Effect of ceftriaxone on paired-pulse response and long-term potentiation of hippocampal dentate gyrus neurons in rats with Alzheimer-like disease
Introduction
Glutamatergic systems play critical roles in cognition, and dysfunction of glutamatergic neurons can underlie many psychological and neurodegenerative disorders [1,2]. Glutamate mediates fast excitatory neurotransmission in part through activation of N-methyl-d-aspartate (NMDA) receptors and Ca2+ influx, which in turn initiate a cascade of events that ultimately lead to synaptic plasticity and memory formation [3]. Previous studies highlight the involvement of glutamatergic systems in early phases of neurodegenerative disorders such as Alzheimer's disease (AD) [4]. In AD, increased release of glutamate from presynaptic neurons and astrocytes, and decreased glutamate removal from the synaptic space give rise to over-stimulation of glutamate receptors and increases in the production of β-amyloid (Aβ) peptide, cell death and finally deterioration of learning and memory [5]. Increased Aβ levels can also induce further glutamate release from presynaptic neurons which exacerbates the excitotoxicity and results in the formation of neurofibrillary tangles (NFTs) [6]. Extracellular deposits of Aβ and intracellular NFTs are two main hallmarks of AD responsible for many pathological changes including impairment in hippocampal long-term potentiation (LTP) and facilitation of long-term depression (LTD), the two forms of synaptic plasticity associated with learning and memory [7,8].
A large body of work has shown the glutamate-mediated excitotoxicity and neurodegeneration are major contributors to cognitive dysfunction and cell death in AD. There is evidence that impairments in mechanisms of glutamate uptake contribute to excitotoxic processes described above.
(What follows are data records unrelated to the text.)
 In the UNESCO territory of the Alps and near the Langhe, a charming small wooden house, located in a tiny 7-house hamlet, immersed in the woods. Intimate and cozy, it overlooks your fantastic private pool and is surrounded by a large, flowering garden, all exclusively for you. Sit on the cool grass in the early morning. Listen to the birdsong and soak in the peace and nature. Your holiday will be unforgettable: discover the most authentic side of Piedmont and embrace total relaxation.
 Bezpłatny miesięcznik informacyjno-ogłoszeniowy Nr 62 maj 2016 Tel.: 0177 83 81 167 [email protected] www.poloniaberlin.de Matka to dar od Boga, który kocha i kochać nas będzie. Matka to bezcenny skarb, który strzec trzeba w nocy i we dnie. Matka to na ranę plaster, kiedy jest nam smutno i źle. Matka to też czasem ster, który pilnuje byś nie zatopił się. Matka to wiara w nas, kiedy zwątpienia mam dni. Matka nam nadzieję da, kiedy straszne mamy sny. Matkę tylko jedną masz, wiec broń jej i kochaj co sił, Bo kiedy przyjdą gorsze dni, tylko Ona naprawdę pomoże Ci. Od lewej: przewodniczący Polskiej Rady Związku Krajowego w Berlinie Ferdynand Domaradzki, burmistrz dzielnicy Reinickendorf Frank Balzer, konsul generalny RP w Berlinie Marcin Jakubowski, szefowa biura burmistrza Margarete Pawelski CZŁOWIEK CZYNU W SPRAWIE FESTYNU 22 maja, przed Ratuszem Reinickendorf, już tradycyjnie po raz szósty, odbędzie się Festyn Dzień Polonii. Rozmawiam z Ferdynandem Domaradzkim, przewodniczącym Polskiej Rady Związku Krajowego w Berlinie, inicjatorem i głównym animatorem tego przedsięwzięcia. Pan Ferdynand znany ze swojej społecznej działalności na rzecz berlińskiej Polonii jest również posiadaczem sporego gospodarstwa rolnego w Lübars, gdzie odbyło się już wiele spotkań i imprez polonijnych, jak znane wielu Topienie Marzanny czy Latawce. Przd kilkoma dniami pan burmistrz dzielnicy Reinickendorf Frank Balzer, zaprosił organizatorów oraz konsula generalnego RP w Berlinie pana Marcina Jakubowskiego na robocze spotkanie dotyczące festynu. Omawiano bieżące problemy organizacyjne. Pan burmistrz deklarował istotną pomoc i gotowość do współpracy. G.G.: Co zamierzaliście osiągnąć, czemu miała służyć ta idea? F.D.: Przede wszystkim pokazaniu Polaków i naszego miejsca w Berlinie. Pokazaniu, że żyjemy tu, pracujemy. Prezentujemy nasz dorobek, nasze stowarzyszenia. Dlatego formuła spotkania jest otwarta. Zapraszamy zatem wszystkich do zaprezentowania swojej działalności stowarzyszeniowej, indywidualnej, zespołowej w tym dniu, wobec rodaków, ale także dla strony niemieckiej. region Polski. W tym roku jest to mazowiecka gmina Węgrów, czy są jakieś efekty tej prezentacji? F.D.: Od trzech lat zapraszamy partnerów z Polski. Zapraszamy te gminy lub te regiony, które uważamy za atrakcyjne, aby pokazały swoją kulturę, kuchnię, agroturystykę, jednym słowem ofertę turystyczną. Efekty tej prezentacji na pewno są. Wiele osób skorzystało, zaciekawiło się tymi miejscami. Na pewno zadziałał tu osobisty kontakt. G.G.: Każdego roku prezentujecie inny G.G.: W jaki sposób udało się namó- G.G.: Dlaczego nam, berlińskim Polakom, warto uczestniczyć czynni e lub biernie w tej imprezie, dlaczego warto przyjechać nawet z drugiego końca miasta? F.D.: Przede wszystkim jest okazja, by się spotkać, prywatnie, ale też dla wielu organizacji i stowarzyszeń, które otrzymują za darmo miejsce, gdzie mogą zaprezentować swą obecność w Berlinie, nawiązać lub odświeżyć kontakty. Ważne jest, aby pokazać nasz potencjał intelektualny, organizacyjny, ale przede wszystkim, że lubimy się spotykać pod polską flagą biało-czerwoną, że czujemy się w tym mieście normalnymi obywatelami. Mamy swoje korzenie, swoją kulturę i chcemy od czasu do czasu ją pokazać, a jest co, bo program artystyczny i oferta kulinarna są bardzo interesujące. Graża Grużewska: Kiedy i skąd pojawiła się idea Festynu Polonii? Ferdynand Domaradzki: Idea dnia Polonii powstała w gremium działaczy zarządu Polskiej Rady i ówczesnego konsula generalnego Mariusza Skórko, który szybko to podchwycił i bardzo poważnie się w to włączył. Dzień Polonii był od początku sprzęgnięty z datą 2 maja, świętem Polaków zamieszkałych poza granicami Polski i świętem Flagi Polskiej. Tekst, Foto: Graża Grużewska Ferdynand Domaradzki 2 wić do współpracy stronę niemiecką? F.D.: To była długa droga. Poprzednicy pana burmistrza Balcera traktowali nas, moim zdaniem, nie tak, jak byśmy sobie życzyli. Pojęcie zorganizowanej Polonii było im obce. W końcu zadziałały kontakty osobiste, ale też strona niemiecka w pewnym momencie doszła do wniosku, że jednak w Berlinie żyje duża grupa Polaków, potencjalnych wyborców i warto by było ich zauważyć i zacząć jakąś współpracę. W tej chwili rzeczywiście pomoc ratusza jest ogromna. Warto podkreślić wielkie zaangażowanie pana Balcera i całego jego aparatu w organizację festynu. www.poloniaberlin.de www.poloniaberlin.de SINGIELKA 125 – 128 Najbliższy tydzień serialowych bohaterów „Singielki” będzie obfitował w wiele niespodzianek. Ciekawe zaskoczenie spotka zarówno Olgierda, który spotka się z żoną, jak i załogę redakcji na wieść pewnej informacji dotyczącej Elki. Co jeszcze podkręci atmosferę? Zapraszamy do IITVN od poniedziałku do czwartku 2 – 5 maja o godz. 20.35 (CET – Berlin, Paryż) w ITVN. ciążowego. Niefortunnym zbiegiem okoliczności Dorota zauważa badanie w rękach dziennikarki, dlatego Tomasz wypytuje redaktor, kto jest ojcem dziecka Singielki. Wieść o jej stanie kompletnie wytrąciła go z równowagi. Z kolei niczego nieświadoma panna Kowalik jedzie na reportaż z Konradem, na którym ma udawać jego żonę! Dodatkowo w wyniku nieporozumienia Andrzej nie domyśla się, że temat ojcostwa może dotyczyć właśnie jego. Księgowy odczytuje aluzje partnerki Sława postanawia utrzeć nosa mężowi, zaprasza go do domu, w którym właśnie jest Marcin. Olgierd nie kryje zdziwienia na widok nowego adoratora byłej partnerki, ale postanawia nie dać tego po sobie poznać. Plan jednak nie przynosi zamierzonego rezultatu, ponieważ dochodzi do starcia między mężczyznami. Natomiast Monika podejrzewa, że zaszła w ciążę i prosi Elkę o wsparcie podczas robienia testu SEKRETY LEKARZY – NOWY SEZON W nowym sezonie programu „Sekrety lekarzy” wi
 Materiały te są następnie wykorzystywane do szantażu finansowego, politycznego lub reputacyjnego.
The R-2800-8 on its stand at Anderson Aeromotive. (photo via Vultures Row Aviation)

Specifically, a decrease in glutamate uptake function has been correlated with down-regulation of glutamate transporters in different regions of the AD brain [9]. Five glutamate transporters (GLTs), also called excitatory amino acid transporters (EAAT1-5), have been identified each of which can act to regulate levels of released glutamate in synapses [10]. Glutamate transporter-1 (GLT-1), also known as EAAT2, is the predominant glutamate transporter in neocortex and hippocampus being responsible for 80–90% of glutamate uptake in these regions [11]. This transporter is primarily expressed in perisynaptic processes of astrocytes and is believed to have a pivotal role in the elimination of excessive glutamate from synaptic spaces. Reduced expression of GLT-1 protein has been reported to be an early and prominent event in AD brains and likely contributes to increases in the production of Aβ [12].
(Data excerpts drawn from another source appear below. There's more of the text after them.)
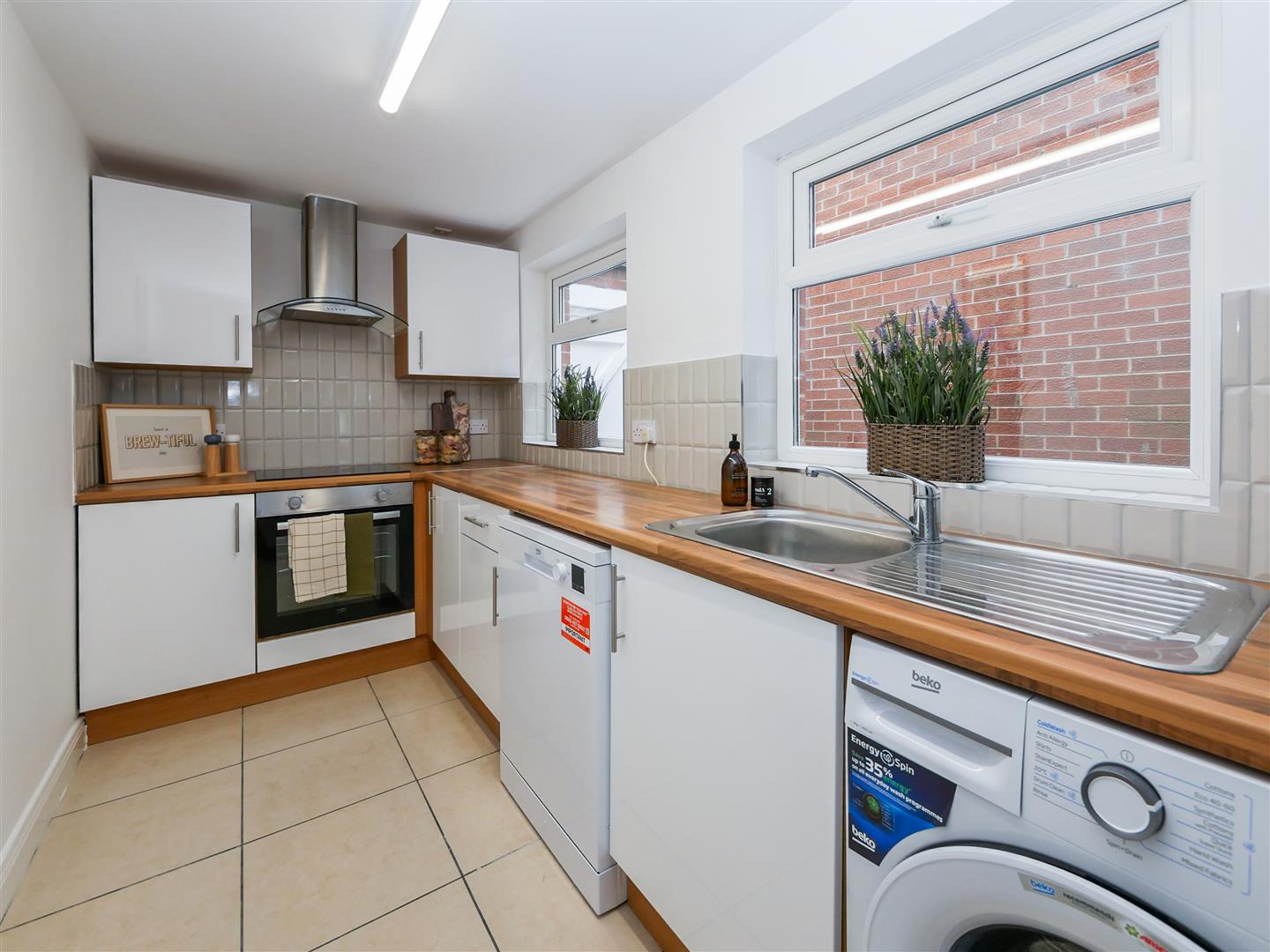 Full range of high and low level units, single drainer sink unit with mixer taps, formica work surfaces, part tiled walls, 4 ring hob and under oven, extractor fan, the freestanding fridge freezer, washing machine and dishwasher all of which are brand new will be included. Tiled floor.
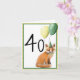 The realistic, beautifully painted red fox, centred in the middle of the card, with soft brushstrokes that make the fox look lifelike against a crisp, clean white background. The fox has a playful expression, with its ears perked up and a polka-dotted party hat perched on its head. Surrounding the fox are colourful balloons—soft yellow, and green—floating gracefully, adding a cheerful touch. The simplicity of the white background lets the artwork shine.
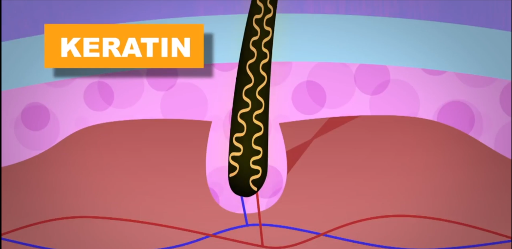 那我们就得先从长头发这件事情说起,在人的头皮上大约有10万到15万根头发,我们能够看到的这些暴露在头皮外的头发,都是由角蛋白组成的,而角蛋白是死细胞的残余蛋白质,当新的细胞在死细胞下生长时,角蛋白会被向上挤压,而这个过程发生在我们的发囊中。

It has been well stablished that ceftriaxone (CFT), a β-lactam antibiotic, selectively induces the up-regulation of glutamate transporter-1 (GLT-1) in different brain regions such as frontal cortex, hippocampus, amygdala and thalamus [13,14]. Accordingly, a logical therapeutic strategy to combat the onset and development of AD pathology would be to target glutamate uptake functions and thereby maintain synaptic glutamate at non-pathological levels. The present study was designed to test this approach and, specifically, to investigate whether administration of ceftriaxone could offset the emergence of behavioral and synaptic plasticity impairments in an animal model of AD. Specifically, we examined the effects of ceftriaxone in the okadaic acid (OKA)-induced AD model. In this model, intracerebroventricular (i.c.v.) OKA treatment leads to neuroinflammation, oxidative stress, cholinergic dysfunction, neuroinflammation, mitochondrial dysfunction, glutamate-mediated excitotoxicity, and impairments in learning and memory. Phosphorylation of tau protein and GSK3β and thereby formation of NFTs and extracellular β-amyloid deposits as well as the consecutive neuronal loss provide an AD like neuropathology in this model [15,16]. In this electrophysiological study, we have evaluated the long-term synaptic plasticity of neurons by measuring LTP, a long-lasting increase in synaptic strength, in hippocampal DG neurons. LTP has been proposed as a model responsible for consolidation of long-term memory with proposed molecular mechanisms which can provide the level of stability needed to maintain memories for months or longer. Therefore, we explored the effect of ceftriaxone on paired-pulse paradigm and long-term potentiation of hippocampal dentate gyrus (DG) neurons, which are involved in spatial pattern separation, together with the evaluation of short- and long-term memory in OKA-treated rats.
Section snippets
Animals and ethics
Male Wistar rats weighing 300–350 g maintained under standard housing conditions at an ambient temperature of 21–25 °C with food and water ad libitum. All experimental procedures were approved by the Ethics Committee of Ardabil University of Medical Sciences (GN-9423) and were performed in accordance with relevant guidelines and regulations.
Treatments
Animals were divided into four control (vehicle), ceftriaxone (CFT), OKA, and OKA plus ceftriaxone (OKA + CFT) groups (n = 10 in each group). OKA
Electrophysiology
In this study, the input-output (I/O) responses were assessed by delivering variety of stimulus current (0.1–1 μA) for evaluation of synaptic potency prior to LTP induction. The responses show the dependence of neural action potentials to excitatory input. Two-way mixed ANOVA indicated that the stimulus-response curves recorded from DG before the paired-pulse or high-frequency stimulations were not significantly different in fEPSP slope (F(3,24) = 0.32, p = 0.80) and PS amplitude
Discusstion
This study aimed to investigate whether treatment with ceftriaxone, a well-known upregulator of GLT-1, could ameliorate an AD-like impairment in behavior and synaptic plasticity in OKA-induced AD in rats. Application of β-lactam antibiotic ceftriaxone at a dose known to stimulate the expression of glial GLT-1 [23,24] significantly offset effects of OKA on behavior and electrophysiological activity of DG neurons. More specifically, i.c.v. injection of OKA alone significantly attenuated the
Declaration of competing interest
The authors have no conflicts of interest to declare.
Acknowledgments
This study was supported by a grant from Vice Chancellor of Research of Ardabil University of Medical Sciences (GN-9423).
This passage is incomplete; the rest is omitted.